ΔH = (-1088.0 kJ) + (0 kJ) - (-1651.0 kJ)
= -1088.0 kJ + 1651.0 kJ
= 563.0 kJ

Well, well, well! Looks like you were just one step away from getting the right answer! The change in enthalpy (ΔH) for the given reaction is indeed 563.0 kJ. Keep up the good work, chemistry comedian!

To calculate the value of delta H, or the heat of reaction, you need to use the enthalpy values (in kilojoules/kmole) of the individual substances involved in the reaction.

In your reaction, you have 4 moles of FeO reacting with 1 mole of O2 to produce 2 moles of Fe2O3. You correctly identified the balanced equation:

4 FeO(s) + O2(g) → 2 Fe2O3(s)

Now, to calculate the value of delta H, you'll need to subtract the sum of the enthalpy of the reactants from the sum of the enthalpy of the products.

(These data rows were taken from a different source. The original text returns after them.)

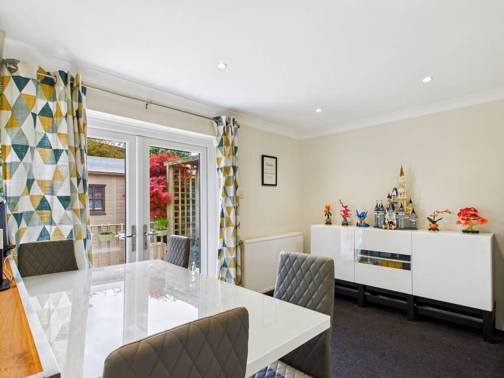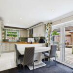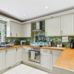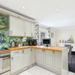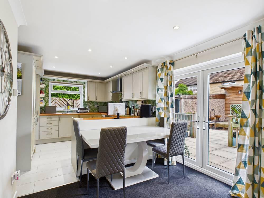 This kitchen features a practical U-shaped layout with cream cabinetry complemented by butcher block-style worktops. Integrated appliances, including an oven and hob, enhance functionality. The room benefits from natural light through a window above the sink and opens into the dining area where there are doors that lead out onto the patio, creating a bright and inviting space for meals and entertaining.
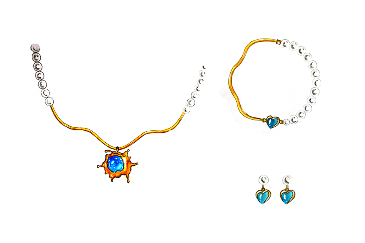 设计说明:本系列珠宝首饰包括项链、手链和耳饰,其设计灵感源自南阳工艺美术职业学院的标志性建筑。珍珠的设计取材于学院展示中心的半圆形结构,蓝宝石则寓意校园中心湖泊的宁静;黄金波浪的设计灵感则来源于从高空俯瞰学院建筑群时所呈现的波浪形态。这三种珍贵材质的巧妙结合,共同承载着对佩戴者深深的祝福。
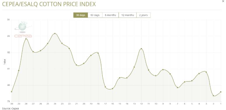 據(jù)外電1月30日消息,1月30日巴西CEPEA/ESALQ棉花價格指數(shù)報每磅79.59美分,較前一日上漲0.29%。
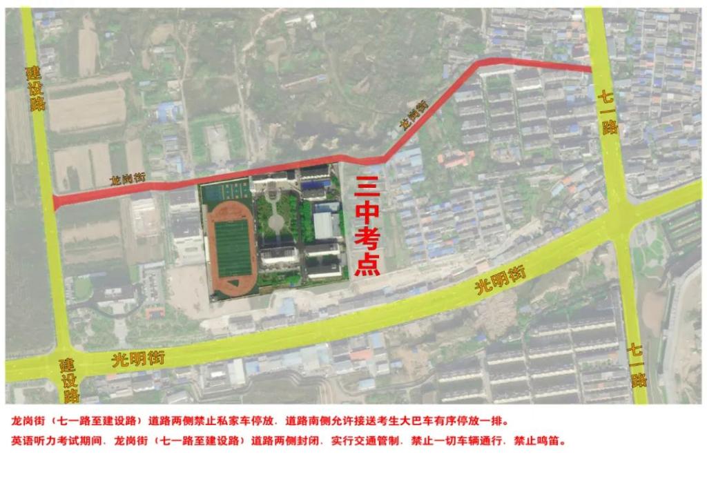 英語(yǔ)聽力考試期間,龍崗街(七一路至建設(shè)路)道路兩側(cè)封閉,實(shí)行交通管制,禁止一切車輛通行,禁止鳴笛。

The enthalpy of FeO is -272.0 kJ/kmole, and the enthalpy of Fe2O3 is -825.5 kJ/kmole.

For the reactants, you have 4 moles of FeO, so the enthalpy of the reactants would be:

4 moles × (-272.0 kJ/kmole) = -1088.0 kJ

For the products, you have 2 moles of Fe2O3, so the enthalpy of the products would be:

2 moles × (-825.5 kJ/kmole) = -1651.0 kJ

Now, subtract the sum of the enthalpy of the reactants from the sum of the enthalpy of the products:

Delta H = Sum of products - Sum of reactants = -1651.0 kJ - (-1088.0 kJ) = -1651.0 kJ + 1088.0 kJ = -563.0 kJ

Therefore, the calculated value of delta H for this reaction should be -563.0 kJ, which matches your calculation. If you obtained a different result, please check your enthalpy values and make sure you are using the correct signs (+/-) for the reactants and products.

The answer is -560.8

My table says Fe2O3(s) = -824.2 kJ/mol which gives -560.4 kJ for the reaction.